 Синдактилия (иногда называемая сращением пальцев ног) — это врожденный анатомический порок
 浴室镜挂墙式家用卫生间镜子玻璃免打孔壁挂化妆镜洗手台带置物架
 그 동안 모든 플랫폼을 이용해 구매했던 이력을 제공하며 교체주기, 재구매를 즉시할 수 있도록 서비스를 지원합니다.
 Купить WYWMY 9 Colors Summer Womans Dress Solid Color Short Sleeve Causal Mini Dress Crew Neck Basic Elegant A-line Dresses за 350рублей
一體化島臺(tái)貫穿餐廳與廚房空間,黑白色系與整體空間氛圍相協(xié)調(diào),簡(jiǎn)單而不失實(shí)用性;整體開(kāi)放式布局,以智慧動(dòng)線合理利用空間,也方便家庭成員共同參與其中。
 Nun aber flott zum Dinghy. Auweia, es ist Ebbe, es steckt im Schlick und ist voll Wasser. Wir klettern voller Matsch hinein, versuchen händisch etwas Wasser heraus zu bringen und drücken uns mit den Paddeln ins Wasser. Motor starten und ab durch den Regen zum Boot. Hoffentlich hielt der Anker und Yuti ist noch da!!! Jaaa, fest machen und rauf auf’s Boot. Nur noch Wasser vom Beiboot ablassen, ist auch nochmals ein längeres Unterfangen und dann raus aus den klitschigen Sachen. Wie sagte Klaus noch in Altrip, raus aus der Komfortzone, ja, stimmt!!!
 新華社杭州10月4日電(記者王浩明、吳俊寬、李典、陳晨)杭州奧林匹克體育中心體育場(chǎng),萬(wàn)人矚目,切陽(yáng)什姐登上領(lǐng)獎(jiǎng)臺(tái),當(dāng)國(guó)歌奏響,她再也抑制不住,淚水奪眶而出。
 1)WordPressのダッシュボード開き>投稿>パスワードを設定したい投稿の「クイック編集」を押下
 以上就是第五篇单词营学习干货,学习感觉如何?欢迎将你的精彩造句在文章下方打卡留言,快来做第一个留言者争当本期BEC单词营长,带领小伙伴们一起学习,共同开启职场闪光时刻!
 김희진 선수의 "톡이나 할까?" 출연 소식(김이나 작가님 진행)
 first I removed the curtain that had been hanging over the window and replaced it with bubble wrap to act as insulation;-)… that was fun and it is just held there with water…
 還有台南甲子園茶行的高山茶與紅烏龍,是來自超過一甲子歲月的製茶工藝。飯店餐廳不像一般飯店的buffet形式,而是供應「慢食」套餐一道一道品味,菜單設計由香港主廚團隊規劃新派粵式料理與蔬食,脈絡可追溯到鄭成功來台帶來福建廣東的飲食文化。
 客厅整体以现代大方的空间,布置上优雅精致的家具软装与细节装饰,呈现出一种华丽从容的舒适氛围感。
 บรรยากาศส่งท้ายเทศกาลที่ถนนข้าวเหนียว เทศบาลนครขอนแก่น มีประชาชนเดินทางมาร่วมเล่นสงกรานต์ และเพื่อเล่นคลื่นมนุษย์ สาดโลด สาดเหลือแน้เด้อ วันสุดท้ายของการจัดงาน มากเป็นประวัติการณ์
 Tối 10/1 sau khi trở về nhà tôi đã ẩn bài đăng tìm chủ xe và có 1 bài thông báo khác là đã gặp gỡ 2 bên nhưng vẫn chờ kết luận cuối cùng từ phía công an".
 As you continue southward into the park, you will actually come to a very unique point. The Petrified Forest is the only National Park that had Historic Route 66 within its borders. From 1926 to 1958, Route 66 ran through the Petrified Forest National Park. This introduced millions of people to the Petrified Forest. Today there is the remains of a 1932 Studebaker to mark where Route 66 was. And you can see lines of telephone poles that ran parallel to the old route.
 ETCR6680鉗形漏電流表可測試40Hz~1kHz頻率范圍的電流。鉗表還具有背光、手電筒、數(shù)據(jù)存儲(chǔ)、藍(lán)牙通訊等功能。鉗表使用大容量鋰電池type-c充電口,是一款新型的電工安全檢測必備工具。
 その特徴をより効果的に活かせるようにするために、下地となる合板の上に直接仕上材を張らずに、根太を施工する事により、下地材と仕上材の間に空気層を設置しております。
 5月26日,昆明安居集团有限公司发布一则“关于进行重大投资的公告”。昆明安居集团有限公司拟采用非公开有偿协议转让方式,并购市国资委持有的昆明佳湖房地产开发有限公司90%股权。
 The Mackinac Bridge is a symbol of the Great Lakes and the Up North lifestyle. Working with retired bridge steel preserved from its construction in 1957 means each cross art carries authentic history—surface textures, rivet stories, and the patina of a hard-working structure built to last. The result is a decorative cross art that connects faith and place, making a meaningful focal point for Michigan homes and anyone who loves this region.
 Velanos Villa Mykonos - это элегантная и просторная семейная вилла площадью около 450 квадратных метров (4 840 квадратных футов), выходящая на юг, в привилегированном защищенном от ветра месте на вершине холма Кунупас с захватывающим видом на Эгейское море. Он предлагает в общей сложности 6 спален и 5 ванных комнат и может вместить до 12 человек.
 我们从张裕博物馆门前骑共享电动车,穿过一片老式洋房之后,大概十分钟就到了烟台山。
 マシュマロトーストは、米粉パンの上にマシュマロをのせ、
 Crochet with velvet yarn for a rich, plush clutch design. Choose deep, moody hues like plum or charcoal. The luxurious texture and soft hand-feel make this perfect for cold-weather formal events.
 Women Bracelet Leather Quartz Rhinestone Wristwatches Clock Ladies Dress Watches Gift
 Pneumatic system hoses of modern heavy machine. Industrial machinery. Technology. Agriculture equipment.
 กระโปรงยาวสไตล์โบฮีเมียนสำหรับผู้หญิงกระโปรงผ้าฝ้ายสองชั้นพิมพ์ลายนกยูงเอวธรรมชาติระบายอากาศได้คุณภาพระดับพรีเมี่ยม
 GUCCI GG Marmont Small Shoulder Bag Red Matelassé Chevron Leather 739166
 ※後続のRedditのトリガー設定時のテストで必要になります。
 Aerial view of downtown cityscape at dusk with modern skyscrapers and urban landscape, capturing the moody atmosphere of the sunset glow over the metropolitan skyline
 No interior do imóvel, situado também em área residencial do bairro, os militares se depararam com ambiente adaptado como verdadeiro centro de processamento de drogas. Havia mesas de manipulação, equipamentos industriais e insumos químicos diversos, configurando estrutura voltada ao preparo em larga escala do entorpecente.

------------------------------------------------------------

→ **EXERCISE DIRECTIONS**: Every line above should be written out again, unchanged.

→ **ANSWER BOX**:
 Синдактилия (иногда называемая сращением пальцев ног) — это врожденный анатомический порок
 浴室镜挂墙式家用卫生间镜子玻璃免打孔壁挂化妆镜洗手台带置物架
 그 동안 모든 플랫폼을 이용해 구매했던 이력을 제공하며 교체주기, 재구매를 즉시할 수 있도록 서비스를 지원합니다.
 Купить WYWMY 9 Colors Summer Womans Dress Solid Color Short Sleeve Causal Mini Dress Crew Neck Basic Elegant A-line Dresses за 350рублей
一體化島臺(tái)貫穿餐廳與廚房空間,黑白色系與整體空間氛圍相協(xié)調(diào),簡(jiǎn)單而不失實(shí)用性;整體開(kāi)放式布局,以智慧動(dòng)線合理利用空間,也方便家庭成員共同參與其中。
 Nun aber flott zum Dinghy. Auweia, es ist Ebbe, es steckt im Schlick und ist voll Wasser. Wir klettern voller Matsch hinein, versuchen händisch etwas Wasser heraus zu bringen und drücken uns mit den Paddeln ins Wasser. Motor starten und ab durch den Regen zum Boot. Hoffentlich hielt der Anker und Yuti ist noch da!!! Jaaa, fest machen und rauf auf’s Boot. Nur noch Wasser vom Beiboot ablassen, ist auch nochmals ein längeres Unterfangen und dann raus aus den klitschigen Sachen. Wie sagte Klaus noch in Altrip, raus aus der Komfortzone, ja, stimmt!!!
 新華社杭州10月4日電(記者王浩明、吳俊寬、李典、陳晨)杭州奧林匹克體育中心體育場(chǎng),萬(wàn)人矚目,切陽(yáng)什姐登上領(lǐng)獎(jiǎng)臺(tái),當(dāng)國(guó)歌奏響,她再也抑制不住,淚水奪眶而出。
 1)WordPressのダッシュボード開き>投稿>パスワードを設定したい投稿の「クイック編集」を押下
 以上就是第五篇单词营学习干货,学习感觉如何?欢迎将你的精彩造句在文章下方打卡留言,快来做第一个留言者争当本期BEC单词营长,带领小伙伴们一起学习,共同开启职场闪光时刻!
 김희진 선수의 "톡이나 할까?" 출연 소식(김이나 작가님 진행)
 first I removed the curtain that had been hanging over the window and replaced it with bubble wrap to act as insulation;-)… that was fun and it is just held there with water…
 還有台南甲子園茶行的高山茶與紅烏龍,是來自超過一甲子歲月的製茶工藝。飯店餐廳不像一般飯店的buffet形式,而是供應「慢食」套餐一道一道品味,菜單設計由香港主廚團隊規劃新派粵式料理與蔬食,脈絡可追溯到鄭成功來台帶來福建廣東的飲食文化。
 客厅整体以现代大方的空间,布置上优雅精致的家具软装与细节装饰,呈现出一种华丽从容的舒适氛围感。
 บรรยากาศส่งท้ายเทศกาลที่ถนนข้าวเหนียว เทศบาลนครขอนแก่น มีประชาชนเดินทางมาร่วมเล่นสงกรานต์ และเพื่อเล่นคลื่นมนุษย์ สาดโลด สาดเหลือแน้เด้อ วันสุดท้ายของการจัดงาน มากเป็นประวัติการณ์
 Tối 10/1 sau khi trở về nhà tôi đã ẩn bài đăng tìm chủ xe và có 1 bài thông báo khác là đã gặp gỡ 2 bên nhưng vẫn chờ kết luận cuối cùng từ phía công an".
 As you continue southward into the park, you will actually come to a very unique point. The Petrified Forest is the only National Park that had Historic Route 66 within its borders. From 1926 to 1958, Route 66 ran through the Petrified Forest National Park. This introduced millions of people to the Petrified Forest. Today there is the remains of a 1932 Studebaker to mark where Route 66 was. And you can see lines of telephone poles that ran parallel to the old route.
 ETCR6680鉗形漏電流表可測試40Hz~1kHz頻率范圍的電流。鉗表還具有背光、手電筒、數(shù)據(jù)存儲(chǔ)、藍(lán)牙通訊等功能。鉗表使用大容量鋰電池type-c充電口,是一款新型的電工安全檢測必備工具。
 その特徴をより効果的に活かせるようにするために、下地となる合板の上に直接仕上材を張らずに、根太を施工する事により、下地材と仕上材の間に空気層を設置しております。
 5月26日,昆明安居集团有限公司发布一则“关于进行重大投资的公告”。昆明安居集团有限公司拟采用非公开有偿协议转让方式,并购市国资委持有的昆明佳湖房地产开发有限公司90%股权。
 The Mackinac Bridge is a symbol of the Great Lakes and the Up North lifestyle. Working with retired bridge steel preserved from its construction in 1957 means each cross art carries authentic history—surface textures, rivet stories, and the patina of a hard-working structure built to last. The result is a decorative cross art that connects faith and place, making a meaningful focal point for Michigan homes and anyone who loves this region.
 Velanos Villa Mykonos - это элегантная и просторная семейная вилла площадью около 450 квадратных метров (4 840 квадратных футов), выходящая на юг, в привилегированном защищенном от ветра месте на вершине холма Кунупас с захватывающим видом на Эгейское море. Он предлагает в общей сложности 6 спален и 5 ванных комнат и может вместить до 12 человек.
 我们从张裕博物馆门前骑共享电动车,穿过一片老式洋房之后,大概十分钟就到了烟台山。
 マシュマロトーストは、米粉パンの上にマシュマロをのせ、
 Crochet with velvet yarn for a rich, plush clutch design. Choose deep, moody hues like plum or charcoal. The luxurious texture and soft hand-feel make this perfect for cold-weather formal events.
 Women Bracelet Leather Quartz Rhinestone Wristwatches Clock Ladies Dress Watches Gift
 Pneumatic system hoses of modern heavy machine. Industrial machinery. Technology. Agriculture equipment.
 กระโปรงยาวสไตล์โบฮีเมียนสำหรับผู้หญิงกระโปรงผ้าฝ้ายสองชั้นพิมพ์ลายนกยูงเอวธรรมชาติระบายอากาศได้คุณภาพระดับพรีเมี่ยม
 GUCCI GG Marmont Small Shoulder Bag Red Matelassé Chevron Leather 739166
 ※後続のRedditのトリガー設定時のテストで必要になります。
 Aerial view of downtown cityscape at dusk with modern skyscrapers and urban landscape, capturing the moody atmosphere of the sunset glow over the metropolitan skyline
 No interior do imóvel, situado também em área residencial do bairro, os militares se depararam com ambiente adaptado como verdadeiro centro de processamento de drogas. Havia mesas de manipulação, equipamentos industriais e insumos químicos diversos, configurando estrutura voltada ao preparo em larga escala do entorpecente.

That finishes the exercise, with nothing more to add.